Contrast this with the present leadership in the South! Why! sad to say- even many preachers do not remember the Sabbath Day to keep it holy. Sadly, professed Christians in our day go to the stores and the restaurants on the Lord's day just like the world does. If the South were truly the "Bible Belt" as we sometimes like to imagine (and it is purely imagination), then there would not be any stores or cafes open on Sundays. And if Christians were what they profess to be, these establishments would likely close on Sundays for there would not be enough customers to justify opening. It is amazing that if you go into the offices and homes and places of business  of professed Christians in Mississippi you will likely find a Bible and perhaps a plaque of the Ten Commandments, all the while ignoring the Fourth Commandment! It grieves my soul, and it should everyone's that the professed church is so blatantly antinomian.

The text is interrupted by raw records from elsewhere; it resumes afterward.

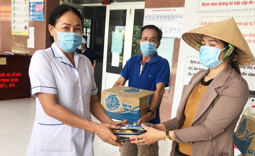 Nhóm Thiện nguyện Cần Đước hỗ trợ các dụng cụ cần thiết cho người đang ở trong khu vực bị phong tỏa tại Bệnh viện Đa khoa Cần Đước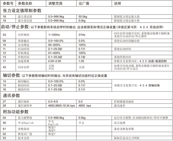 為了使控制器能正確測量卷料張力,必須對與張力測量相關的參數進行正確的設置: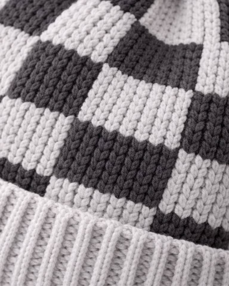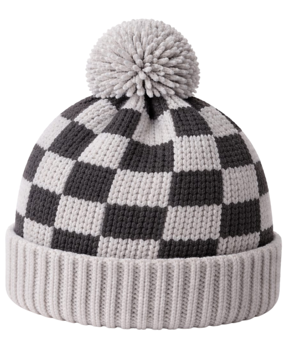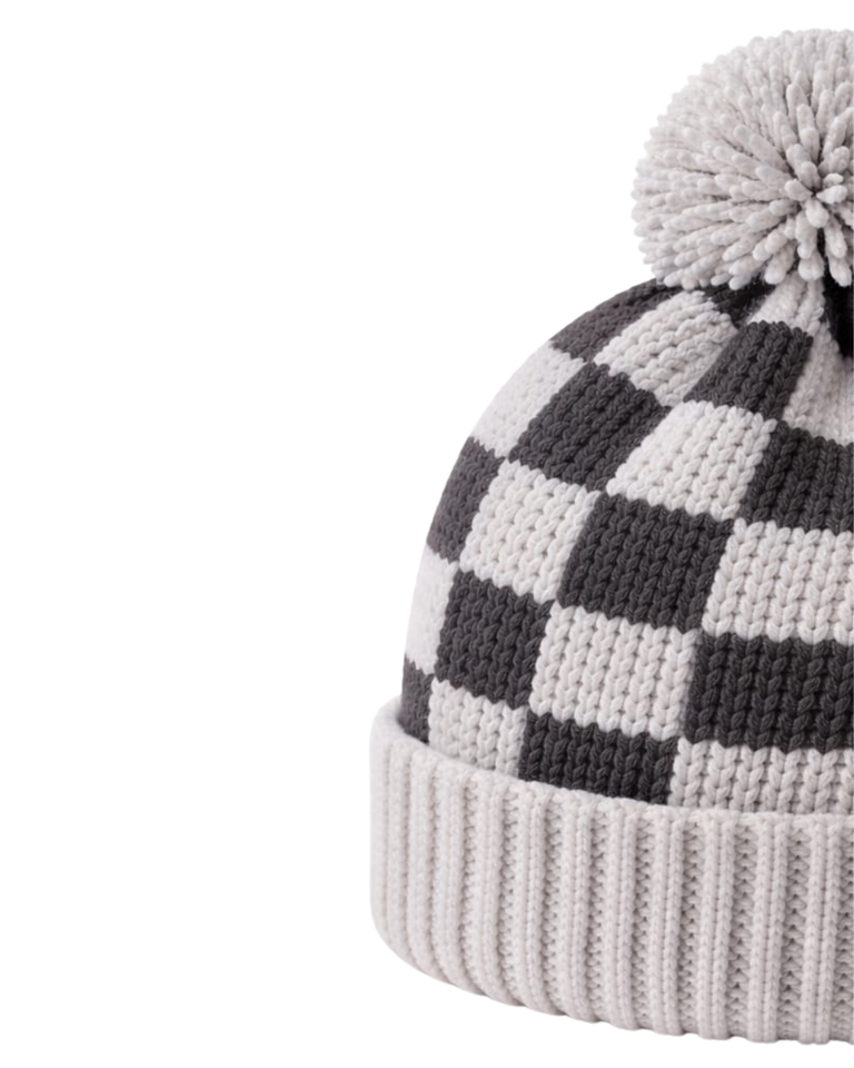Bonnet en tricot à carreaux gris et blanc personnalisé, chaud pour l'hiver, avec pompon, unisexe, bonnet épais tricoté, logo personnalisé, fournisseur OEM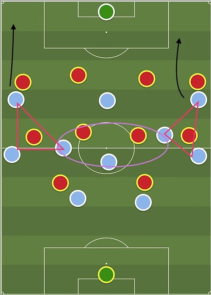 Заставляя соперника принимать поспешные решения и перекрывая ему доступ к более простым вариантам накоротке, неаполитанцы предлагали оппонентам попытать счастье в средних и длинных забросах, что зачастую позволяло вернуть владение. Возвращаясь к теме вовлечения оборонительных блоков противника в собственную атакующую игру, нельзя не выделить тот факт, что это делается заметно проще, когда формация команды с мячом более компактна - плотность позволяет создавать эффективные взаимосвязи между линиями и игроками. Когда латерали поднимаются к линии полузащиты, владение мячом заметно облегчается, к тому же, появляются новые варианты для передач. Это также позволяет сохранить контроль над мячом в центре поля (фиолетовая зона). Когда мяч находится в этой части поля, у соперника возникает ряд вопросов, касающихся выбора: либо им необходимо также увеличивать плотность при помощи выдвижения новых футболистов вперед, либо, наоборот, отойти назад, тем самым создав пространство для владеющих мячом. Второй вариант упростит игру атакующей команды, когда как первый можно будет преодолеть через быстрый короткий пас. Сила "Наполи" как раз и заключалась в том, что у них были способы "демонтировать" чужую оборону в любом из описанных вариантов.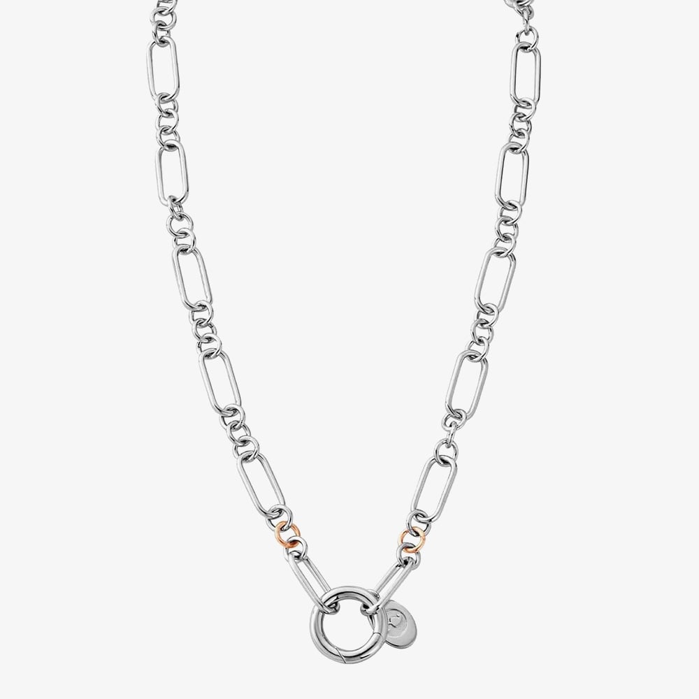 Clogau charms offer a delightful way to celebrate special milestones and create a collection of cherished keepsakes that will last a lifetime. Share your journey with the elegant Tree of Life Insignia Silver Charm Necklace, featuring a figaro-style chain made from sterling silver with 9ct rose gold accents. At 16 inches in length, this necklace is considered a choker. For added versatility, the matching bracelet can be connected to this necklace to form a longer chain.

Dear Readers, the Bible still says "remember the Sabbath Day, to keep it holy"! The Lord's Day (the first day of the week which is the New Testament Sabbath)is not a Day for unnecessary labour or for your own recreation. It is a day for rest and a Day for worship of our Great God and fellowship with His people. Don't you see when you go to Wal-Mart on Sunday afternoon, or to the cafe you are causing others to break the Fourth Commandment by unnecessary labour. When you do business on the Lord's Day you are saying to the management of that business that you endorse their opening on Sunday. I call on professed Christian business men to quit requiring your employees to labour on the Lord's Day. I call on you not to open your place of business on the Sabbath. I call upon the professed people of God to "remember the Sabbath day and keep it holy. None of the Ten Commandments have been repealed, including the Fourth (Matthew 5:17-21; Romans 3:31).
True revival will be attended by and promoted by a proper observation of the Lord's Day. It is interesting that both the end and God-ordained means of revival, as in salvation itself are vitally connected. Attendance upon all Christian duty is both the means and end of salvation and Revival. May the Lord raise up prayer warriors, preachers and faithful helpers like General Robert E. Lee and favour the South and the whole world with a true Revival.
(At some point, Lord Willing, we shall write a series of articles on the Fourth Commandment, but until then I would recommend to you the 2nd London Confession, and the Westminster Standards for a good introduction to the Doctrine of the Lord's Day. We also have a series of messages that can be heard at sermonaudio.com.)